* The problem *
Using the material below, print the line that contains "2018年06月15日(金) 過去のニュース 中5", the line that contains "YN128 verfügt über", and every line in between, exactly and nothing else.

* Given entries *
****

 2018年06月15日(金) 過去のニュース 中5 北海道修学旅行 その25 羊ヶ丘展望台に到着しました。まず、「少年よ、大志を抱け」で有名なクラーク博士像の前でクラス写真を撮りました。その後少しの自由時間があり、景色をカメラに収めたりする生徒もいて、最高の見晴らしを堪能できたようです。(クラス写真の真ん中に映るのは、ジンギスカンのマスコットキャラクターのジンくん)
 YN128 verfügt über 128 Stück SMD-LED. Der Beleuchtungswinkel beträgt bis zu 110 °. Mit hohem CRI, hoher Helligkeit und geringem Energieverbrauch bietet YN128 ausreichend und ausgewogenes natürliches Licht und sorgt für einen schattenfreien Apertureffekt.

****

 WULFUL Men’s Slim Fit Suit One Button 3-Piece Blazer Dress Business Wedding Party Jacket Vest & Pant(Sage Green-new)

****

* Solution *
 2018年06月15日(金) 過去のニュース 中5 北海道修学旅行 その25 羊ヶ丘展望台に到着しました。まず、「少年よ、大志を抱け」で有名なクラーク博士像の前でクラス写真を撮りました。その後少しの自由時間があり、景色をカメラに収めたりする生徒もいて、最高の見晴らしを堪能できたようです。(クラス写真の真ん中に映るのは、ジンギスカンのマスコットキャラクターのジンくん)
 YN128 verfügt über 128 Stück SMD-LED. Der Beleuchtungswinkel beträgt bis zu 110 °. Mit hohem CRI, hoher Helligkeit und geringem Energieverbrauch bietet YN128 ausreichend und ausgewogenes natürliches Licht und sorgt für einen schattenfreien Apertureffekt.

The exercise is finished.